I am unsistered when my church family feel the need to dissociate themselves from the women's movement when discussing women's equality. I am unsistered when preachers use phrases such as 'unlike radical feminism...' I am unsistered when people don't ask me about work because they are nervous of my politics; I am unsistered when there is a refusal to confront patriarchy and male privilege. I am unsistered when feminist medium only ever uses the word "christian" with the phrase "right wing" or "religious fundamentalists", I am unsistered when there is language that presumes the non-existence of God, I am unsistered when people of faith are assumed to be oppressed and unenlightened. 


Please don't unsister me.



Tuesday, 10 April 2012

Ladies (yuk, cringe)


I can't believe I forgot this one on my post about words I don't like maybe because I get told I'm ridiculous every time I gently question its usage. I got an email today informing me that an event I was enquiring about was for ladies only.
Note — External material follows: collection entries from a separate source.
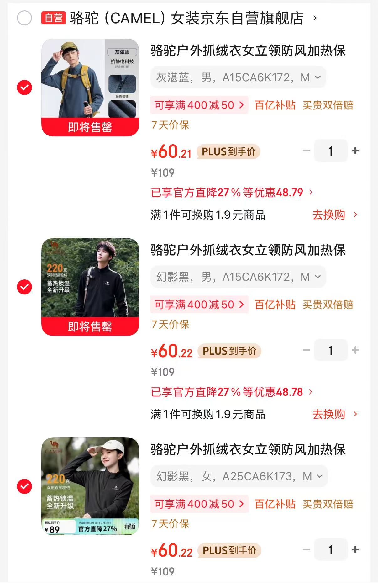 【骆驼】情侣户外抓绒衣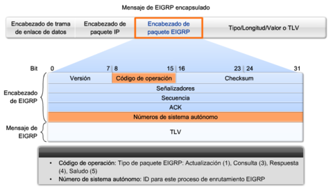 Cada mensaje EIGRP incluye el encabezado. Los campos importantes para nuestro análisis incluyen el campo Código de operación y el campo Número de sistema autónomo. El Código de operación especifica el tipo de paquete EIGRP: º Saludo º Actualización º Consulta º Respuesta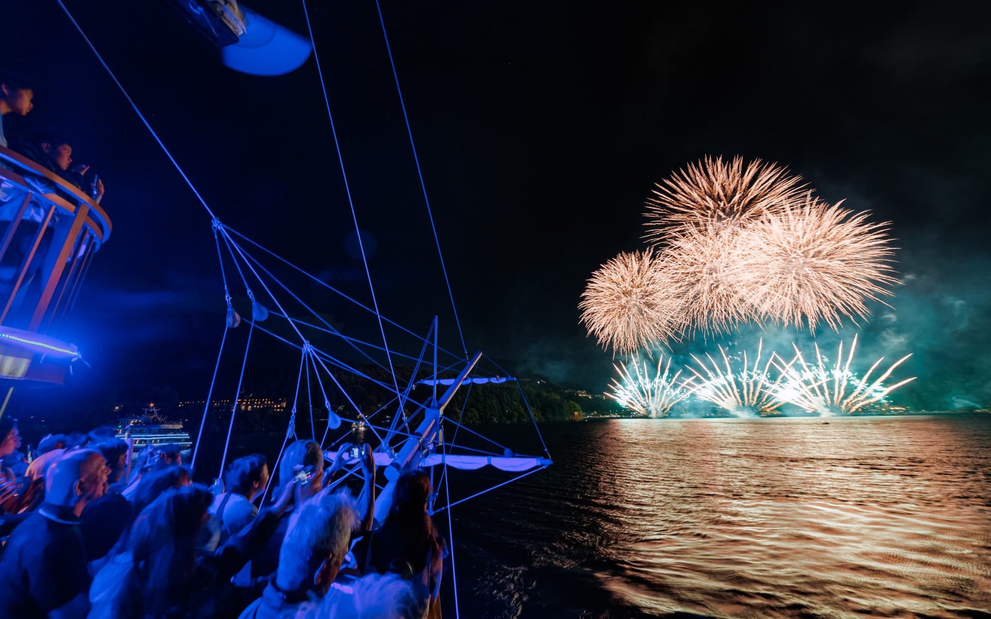 空気の澄んだ冬の箱根では、花火もより一層美しく見えます。海賊船のデッキや優雅で暖かな特別船室などから、芦ノ湖上に打ち上がる色鮮やかな花火の景色をお楽しみください。

I cringed. 


So I'm really sorry if this offends anyone (actually I know it will so I want you to know that I do this because I believe it brings greater liberation to women - and transformation is painful) but I have to spell some things out because I am offended by the word Ladies and so are many other's and if the church wants to be an inclusive and welcoming place it needs to drop this language. 


I have no empirical data for this but I feel that there is sometimes an extra over-usage of this word in Christian literature/ events that are about women's equal ability to lead in church. I wonder if its one of the manifestations of our insecurities? We have to continually refer to ourselves as ladies just to make sure everyone's clear that we're still all floral and feminine as we step up into the full humanity Christ offers us. 


I'm assuming this use of the word Ladies is in ignorance of it's history and the passionate advocacy of that great Christian Feminists like Josephine Butler who fought to expose double standards in morality. 


So a brief summary of why we shouldn't use it:


1.) It's used to police women's behaviours
If your a woman can you remember being told to be ladylike when you where little? Or told not to do something because it wasn't ladylike? I think I've proved my point.


2.) It's used to remind women they are the property of men. 


3.) It is something other people assign to you and can strip from you. It is not about your own sense of personhood. This point was most powerfully driven home to me when I was at a women's group and heard a woman respond with much pain at being called a lady. She had clearly been told by others that she had not met the mark and was not a lady.


4.) I guess linked to the above but it's classist. 


5.) It is and has been used to divide women against each other


6.) Much like princess, ladies don't do anything.


7.) It holds us to a demanding moral code not the freedom of grace


8.) God never calls us lady


Someone sent me the link it's fab (http://www.vfa.us/Feminist%20Language.htm) but my two favourite quotes:


"Girls do what their mothers tell them. Ladies do what society tells them. Women make up their own minds" (Karen Kijewski, 1989).


And most importantly for the church:


"There is a difference between women and ladies. The modern parasites made ladies, but God Almighty made women" (Mother Jones, 1912)


Please do not refer to me as a lady.